The color filters on top of each pixel may not be known individually even after training the neural network. The color filter values may be determined and taught to the neural network. Training the individual color filter values the neural network may not be needed. The neural network may be able to determine the output pixels P2 from the input pixels P1 without having specific information about the individual color filter values of the binary pixels. The forming of the output pixels P2 from the input pixels P1 may be done so that the neural network applies the weights and activation functions in the network to the input pixel data P1 and produces output pixels P2. Information on the color filters on top of individual pixels may thus be comprised in the weights or coefficients of the neural network. Determining the color filters may be possible to determine from the weights, or it may not be possible.
The neural network NN may be formed electronically for example using analog or digital electronics, and the electronics may comprise memory either externally to the neural network or embedded to the neural network. The neural network NN may be formed by means of computer program code. The neural network may also be formed optically by means of optical components suitable for optical computing.
The weights of the neural networks may be completely or partly stored in the memory MEM. When a new set of input pixels is connected to the inputs of the neural network module NNMOD, a set of weights corresponding to the input pixel groups GRP may be loaded to the neural network module from memory MEM. In this manner, a smaller neural network module NNMOD may be formed than what would be required in order to process all input pixels in parallel. In other words, only a subset of input pixels is processed to output pixels at a time, with the corresponding weights for the neural networks loaded from memory MEM. The whole set of output pixels is produced by computing through the input pixels and weights.
In order to simplify loading a new set of weights and to reduce the amount of memory MEM needed, the sets of weights may be clustered. Thereby, if only a representative set of weights for each cluster is stored into the memory, fewer sets of weights may need to be stored. For example, it may not be necessary to store 10 million sets of weights, where each set corresponds to one output pixel and a group GRP of binary input pixels and their corresponding color filters F. Instead, it may be possible to store only 500 000 sets of weights, or only 10 000 sets of weights. The retrieval of weights from the memory MEM may happen in a manner that each group of input pixels has an associated index of neural network coefficients, and the coefficients are retrieved from a memory location corresponding to that index.
A neural network may be trained using supervised training. In supervised training, the correct output is provided for each example input pattern, and the randomly initialized weights and the bias terms of the neurons are iteratively updated to minimize the error function between the output of the neural network and the correct values. Different methods may be used for updating the weights, for example a conjugate gradient algorithm, and a back-propagation algorithm and their variants.
As explained earlier, we may have a two-dimensional array BINARR of binary valued sensors, and on the binary sensors a color filter is superposed. The spectral response of each filter is assumed to be fixed, but initially unknown. The binary array with an unknown filter is exposed repeatedly to light, and the responses of the sensor array and the color values of light are recorded. In the case of N×N binary sensor array BINARR, the training data may constitute of N×N binary matrices and the corresponding color values COLORVAL of light used to expose the sensor array.

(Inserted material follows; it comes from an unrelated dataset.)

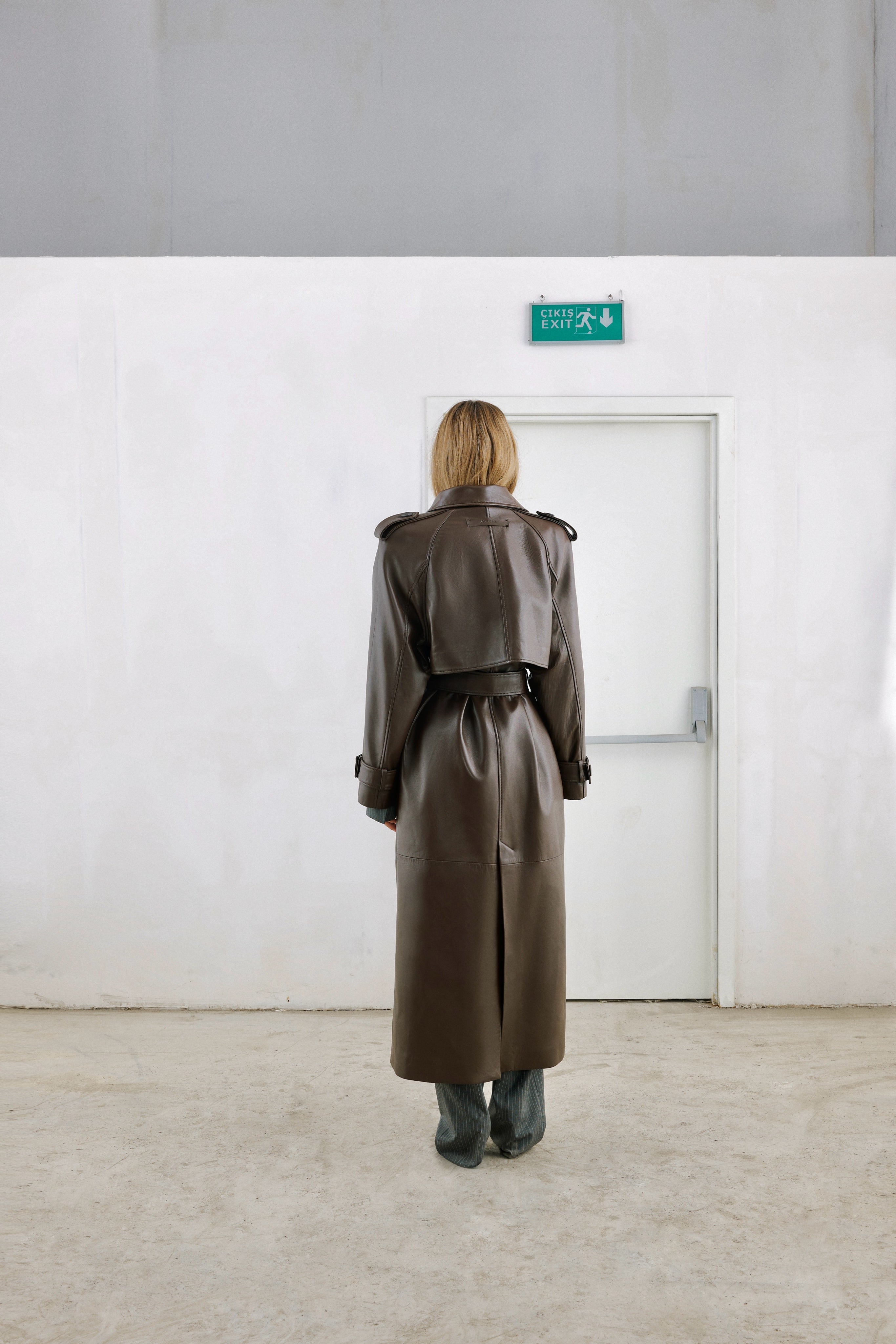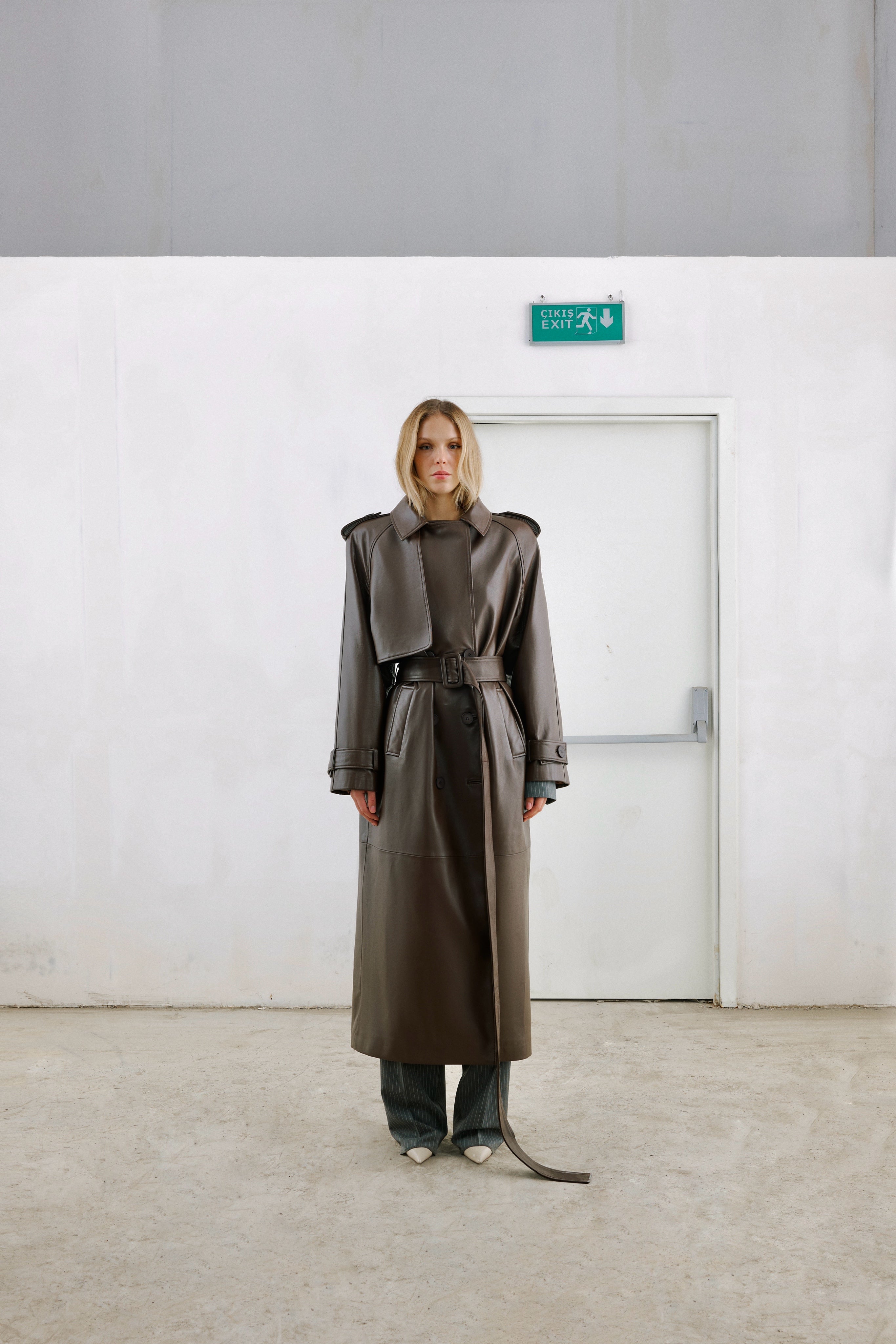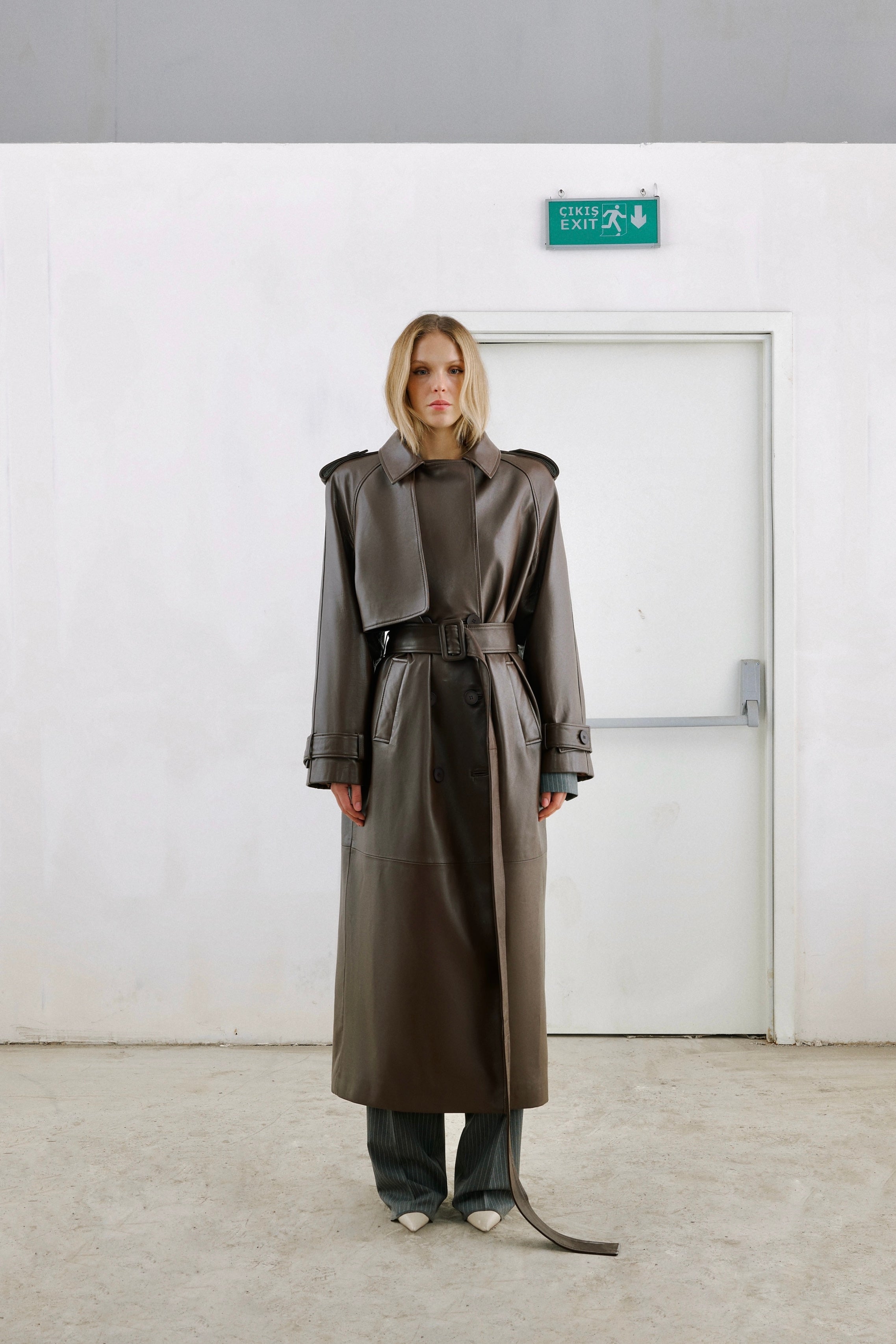 Oversize kesim, dik vatkalı, maxi boy trençkot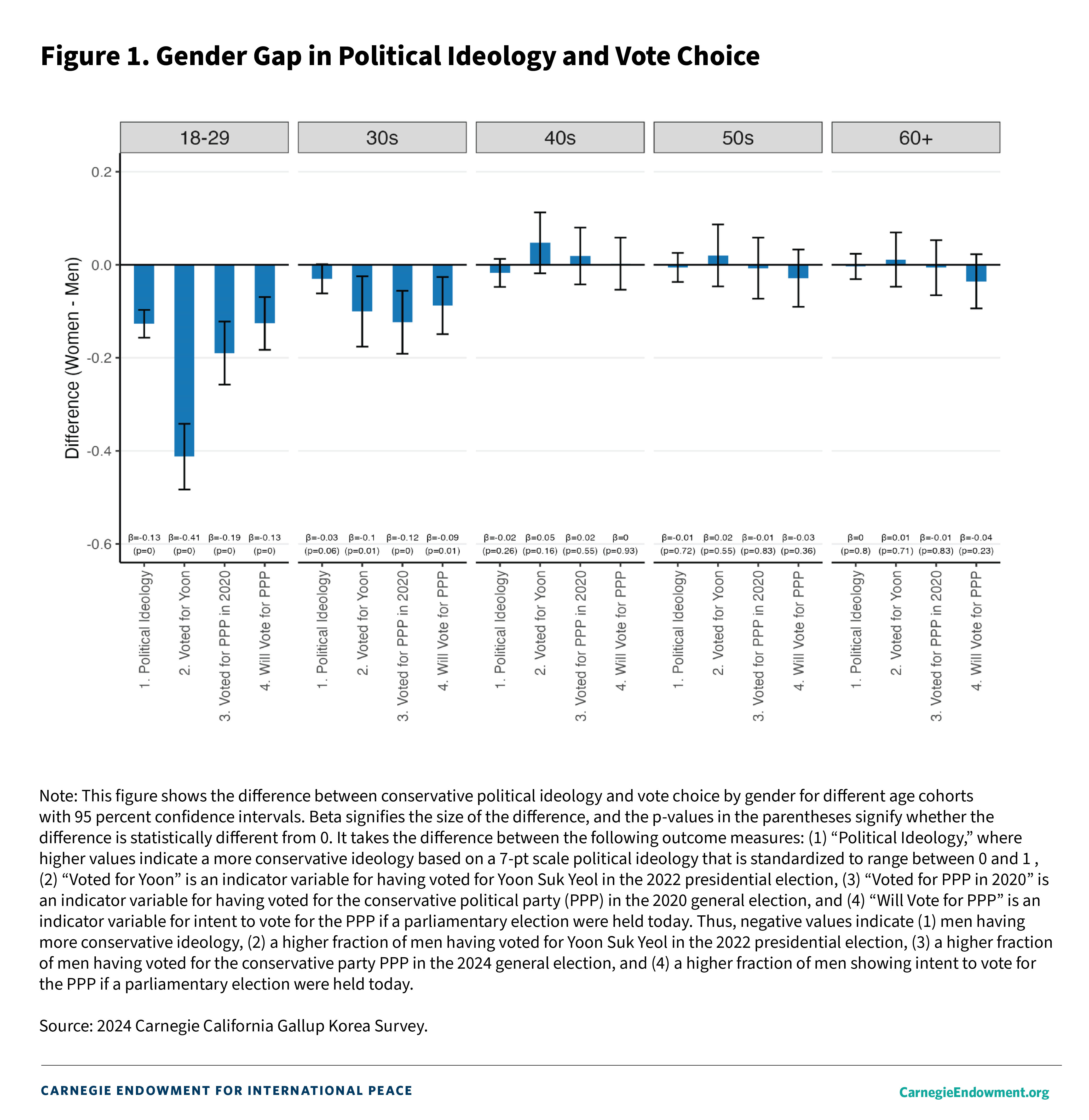 The 2024 Carnegie California Gallup Korea Survey1 and the 2024 Carnegie California Embrain Korea Survey,2 administered with Gallup and Embrain, respectively, offer a new and detailed examination of how South Koreans think about issues regarding gender.3 The surveys confirm that an alarming gender and generational divide with regards to gender attitudes exists in South Korea, and this divide reflects broader ideological shifts, underscoring the pressing need for evidence-based targeted interventions, policy solutions, and expanded efforts to counter this trend.

When the binary pixel array BINARR is exposed to light, it produces an output signal from the binary pixels, which may be fed to the neural network module NNMOD as described earlier. The neural network module may then be operated to produce an output image OUTPUT. The output image and the original color values COLORVAL may be fed to the teaching unit TEACH, which may compute an adjustment to the weights of the neural network module to make the output error (the difference between COLORVAL and OUTPUT values) smaller. This adjustment may be achieved by using a back-propagation algorithm or a conjugate gradient algorithm, or any algorithm that gives adjustments to the neural network weights to make the output error smaller.
The training or teaching may happen in sections of the BINARR array, for example so that the neural network corresponding to each group GRP(i,j) is trained at one instance, and the training process goes through all groups. For each neural network, training may continue as long as a certain number of training sets has been taught, or until the output error falls below a given threshold. When the teaching has finished, the sets of weights of the neural networks may be stored into a memory. The sets of weights of the neural networks may also be clustered, as explained earlier.
The exposure of the binary pixels may also be carried out separately, and the values of the binary pixels associated with each exposure may be recorded. Then, instead of exposing the binary pixels, the training method may be applied to the neural network separately. In fact, the training may happen in a completely separate device having a similar setup of neural networks. This may be done, for example, to be able to compute the sets of weights faster, for example in a factory assembly line for cameras or other electronic devices.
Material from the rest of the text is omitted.